### Records for this exercise
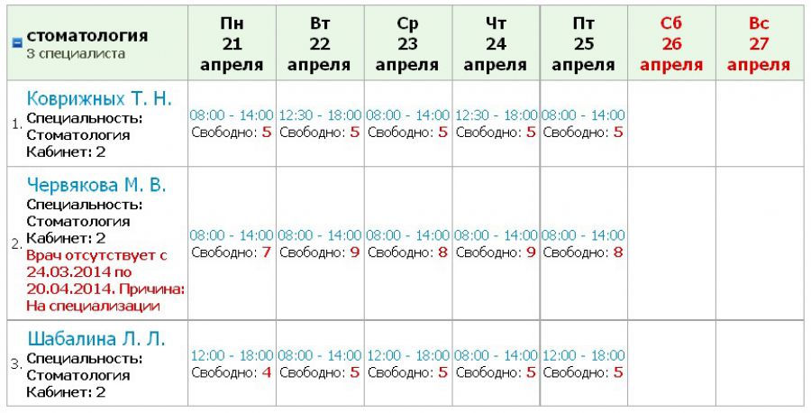 Удивительно, но похоже этому «многолетнему стоянию» приходит конец. На сайте электронной регистратуры теперь есть реальная возможность записаться на прием и в котельничскую стоматологию. Если вы запланируете полечить свои зубки, например, через месяц, то можете записаться прямо сейчас. На каждый день последней декады апреля есть более ДЕСЯТИ СВОБОДНЫХ ТАЛОНОВ!!!
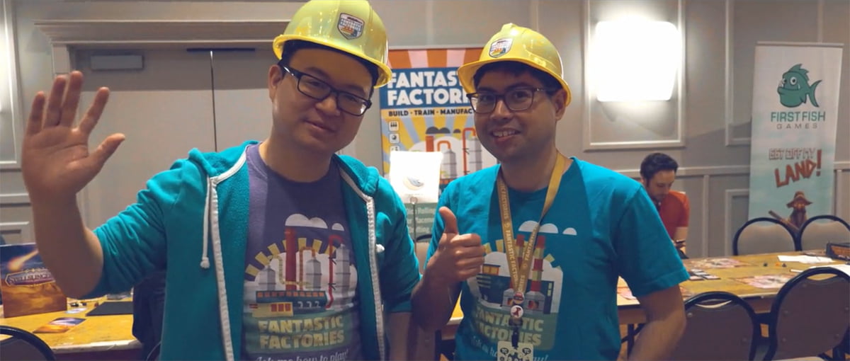 If you’ve attended a game convention in the past couple years, you might have seen these two guys wearing hard hats. Joseph Chen and Justin Faulkner, the designers of Fantastic Factories, have been working on the game for a few years now, running demos and playtests, getting feedback, and refining it. All that work really shows: Fantastic Factories hits that tricky balance of being easy enough not to overwhelm your casual gamers, but with enough depth to keep your strategy gamers engaged.
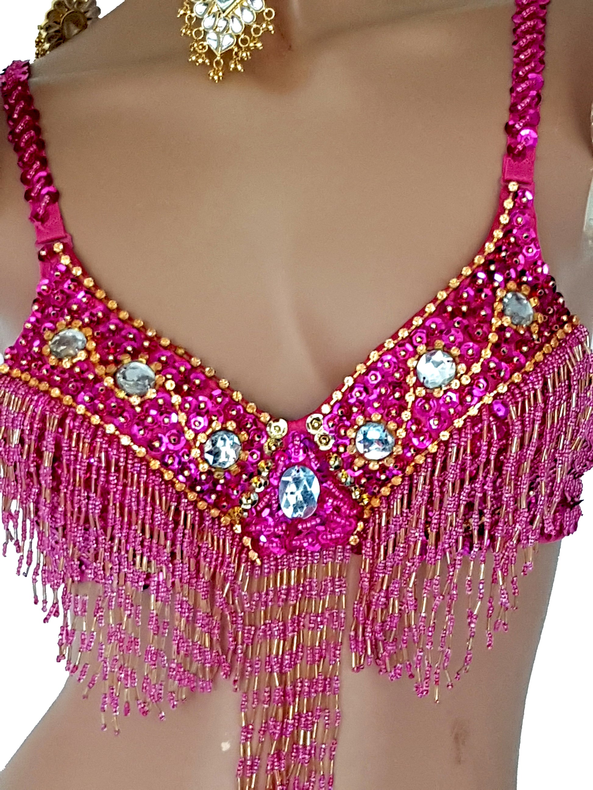 Fuchsiafarbener BH mit goldenen Pailletten und silbernen Strasssteinen.
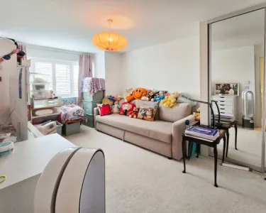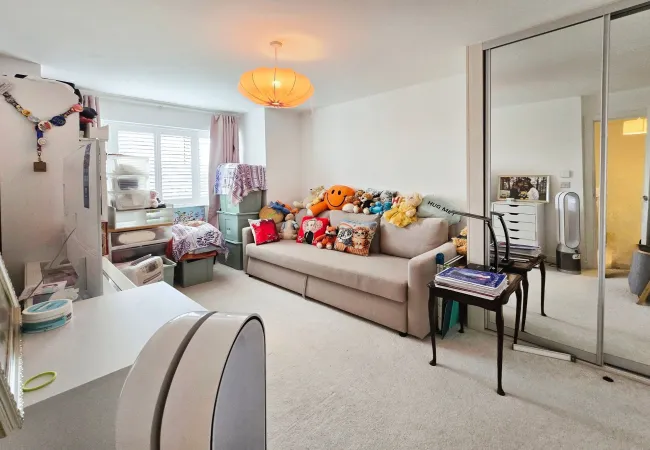 A versatile and inviting space, this area seamlessly combines practicality with comfort. The modern kitchen features sleek white units, an integrated dishwasher, a built-in gas hob with an extractor hood, and a built-in oven, all complemented by stylish contrasting worktops. A convenient built-in storage cupboard provides additional space, with a door leading to the utility room. The open-plan design offers ample room for a dining table and chairs or a relaxed family seating area. Natural light floods in through a rear-aspect window overlooking the garden, while French doors open onto the patio, creating a perfect indoor-outdoor flow
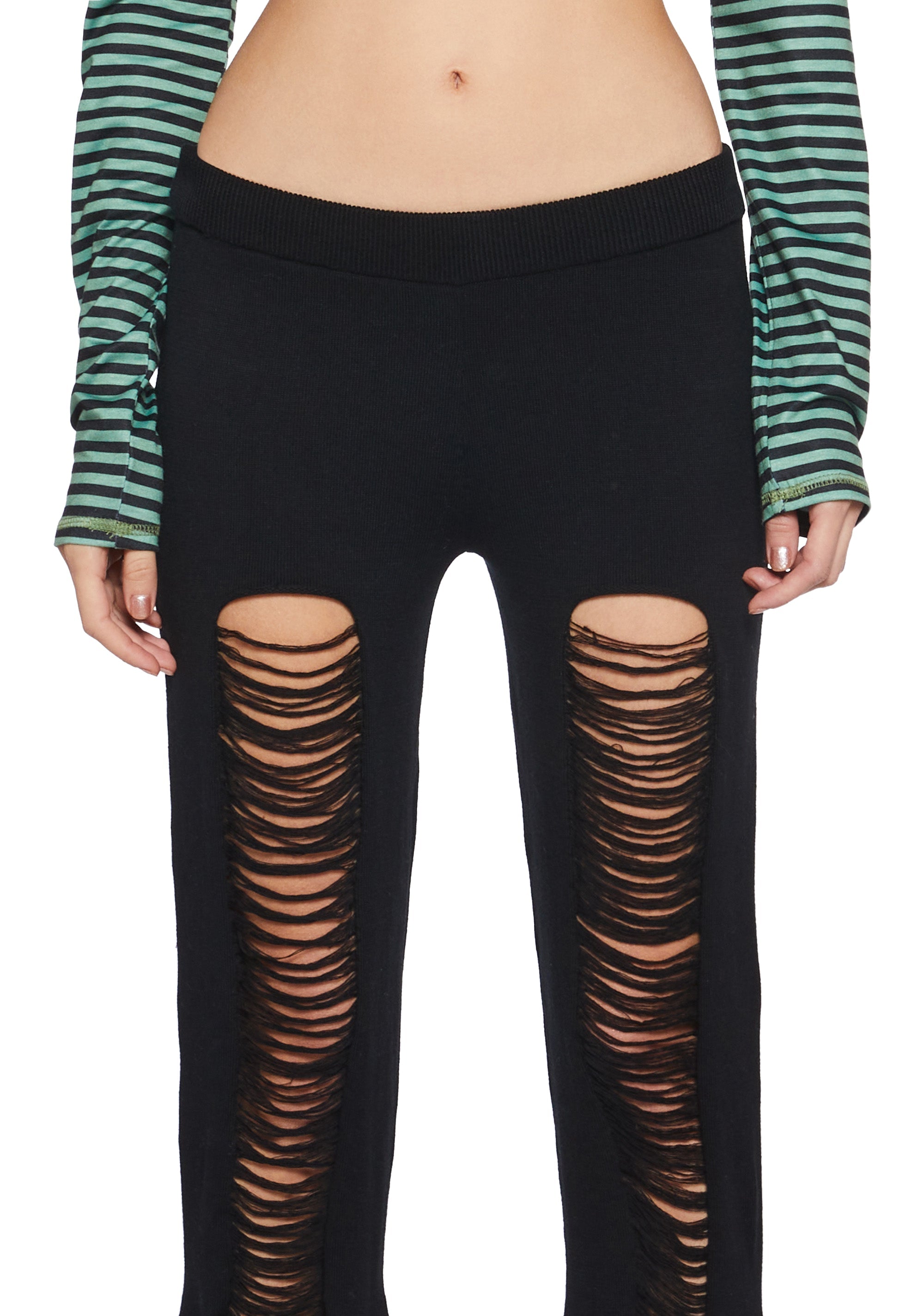 cuz you’re a nightwalker. These pants have a knit construction, a shredded leg, a pull on fit and a flared hem.

### Your instructions
Beginning with the first entry above, reproduce every line verbatim until the line with "Fuchsiafarbener BH mit", which is included too; omit pictures.

### Response for this exercise
 Удивительно, но похоже этому «многолетнему стоянию» приходит конец. На сайте электронной регистратуры теперь есть реальная возможность записаться на прием и в котельничскую стоматологию. Если вы запланируете полечить свои зубки, например, через месяц, то можете записаться прямо сейчас. На каждый день последней декады апреля есть более ДЕСЯТИ СВОБОДНЫХ ТАЛОНОВ!!!
 If you’ve attended a game convention in the past couple years, you might have seen these two guys wearing hard hats. Joseph Chen and Justin Faulkner, the designers of Fantastic Factories, have been working on the game for a few years now, running demos and playtests, getting feedback, and refining it. All that work really shows: Fantastic Factories hits that tricky balance of being easy enough not to overwhelm your casual gamers, but with enough depth to keep your strategy gamers engaged.
 Fuchsiafarbener BH mit goldenen Pailletten und silbernen Strasssteinen.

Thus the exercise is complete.